Thou hast a harlot’s forehead, thou wouldst not blush. (Jr 3,3)

But Esther had a mind that was sorrowful and constrained by fear, because the penitent is worn down with sorrow in contrition, and constrained with fear in confession. Her gracious eyes are bright with the tears she has shed, and she enters through all the doors in order, numbering all her sins just as she has committed them, the sins which like doors bar us from the entrance to eternal life. In confession, the words ‘passing through all the doors in order, she stood before the king’ are very noteworthy. You will not be able to stand before Jesus Christ, if you do not first unlock all the doors.
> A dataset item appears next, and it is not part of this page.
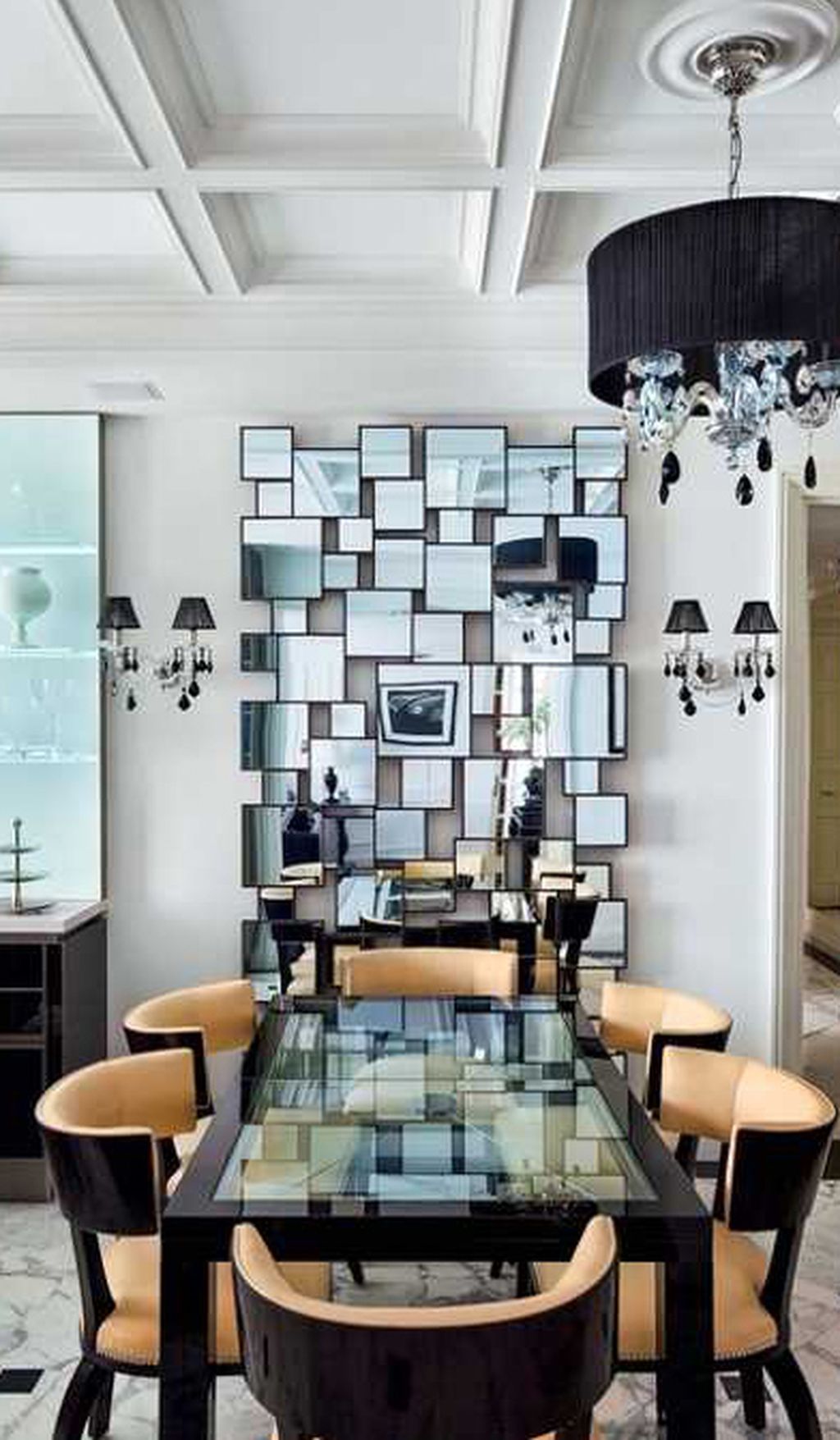 Два больших зеркала повесить напротив друг друга две одинаковые лампы, светящиеся мягким светом способствуют тому, что пространство будет казаться более просторным и удобным.

Only then will you be able to show him your face. He himself explains what that face is, when he adds, Let thy voice sound in my ears, for thy voice is sweet. The Bridegroom delights to hear the melody of confession, with his loving ears. Notice that he says, ‘voice’. There is ‘voice’ when the tongue strikes the air, to express the intention of the mind. There is true confession when sin is ‘struck’ or rebuked, showing what is hidden within. It is appropriate, the, to say ‘show yourselves’. Do it yourself, not through others. Because you have sinned in yourself and by yourself, you should show yourself by yourself.

There follows, to the priests. Because they enjoin penance, they represent satisfaction. These words clearly show that sinners should show themselves to priests in confession, to whom is committed authority to bind and loose.
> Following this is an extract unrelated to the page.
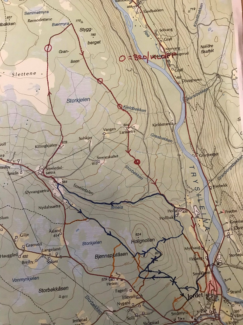 Nr.1/blå er Hollgnollrunden. Den går rundt Omformern, ned til holla, opp Smeiedalen og Pilgrimsleden ned til Jordet igjen - ca.15 km. Turen kan forkortes mange steder.
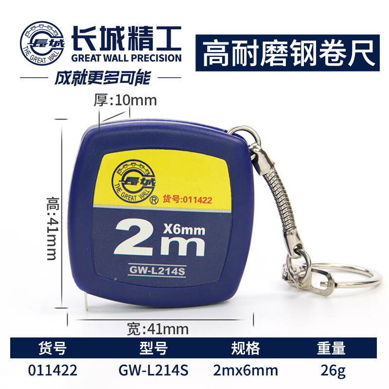 长城精工卷尺小2米随身可爱钢卷尺耐磨防水迷你便携圈尺尺子米尺 011422

There follows: And as they went, they were cured. See how great God’s mercy is; he cleanses souls from sin by contrition alone, as long as they have a firm intention to confess. There is a concordance in Job to these three words, where the Lord says to the friends:

Take unto you therefore seven oxen and seven rams, and go to my servant Job, and offer for yourselves a holocaust. (Jb 42,8)

The ox and the ram denote the neck and horns of pride. If anyone slays these in himself, he drives all vices from himself, indicated by the word ‘seven’. The Lord says ‘go’ in the Gospel, and also in Job. In the former he says, ‘show’, in the latter, ‘offer’. In the former, ‘to the priests’, in the latter, ‘to my servant Job’.
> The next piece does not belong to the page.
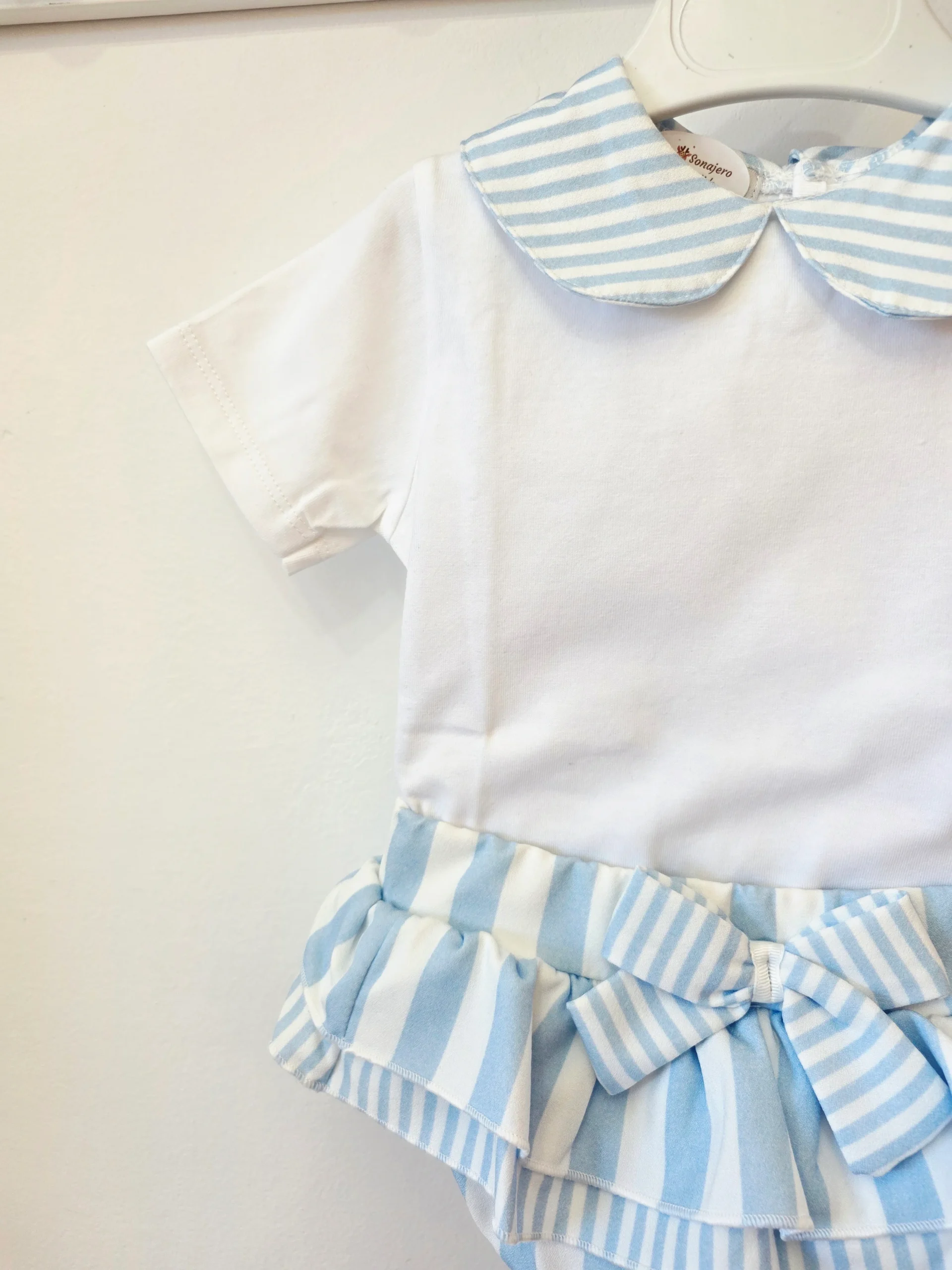 Conjunto de Punto y Estampado Botánico Un diseño lleno de ternura que combina la calidez del punto artesanal en tono piedra con la delicadeza de un estampado floral suave. El detalle del cuello bebé y los bombachos a juego crean un look clásico, cómodo y perfecto para ocasiones especiales o paseos inolvidables.

14. The second part of the Epistle is concordant to this second clause:

Now the works of the flesh are manifest, which are

fornication (the killing of beauty),

uncleanness (which consists in pollution of mind, even without action), luxury (excess in food and drink),

avarice (the service of idols (cf. Col 3,5); the avaricious man is avid for gold),

witchcrafts (poisoning, which gets into the bloodstream, and cannot harm unless it reaches the blood, because poison is cold and the fiery soul flees from it. ‘Poisons’ mean the suggestions of the devil and the flatteries of sinners, which cannot hurt us unless the reach the ‘blood’, the consent of the soul),

enmities (which continue),

contentions (in words),

emulations (when two people are after the same thing),

wraths (sudden storms of the soul),

quarrels (leading to angry blows),

dissensions (when parties arise in the Church),

sects (heresies which cut it in pieces),

envies (of others’ goods),

murders, drunkenness, revellings. (Ga 5,19-21)

From all these, leprosy arises in the soul, infecting it and driving it from the community of the saints.

We ask you then, Lord Jesus Christ, to cleanse us from the leprosy of sin, so that being clean we may re-enter the congregation of the saints, and be able to go up with you to the heavenly Jerusalem. Grant this, you who are blessed for ever and ever. Amen.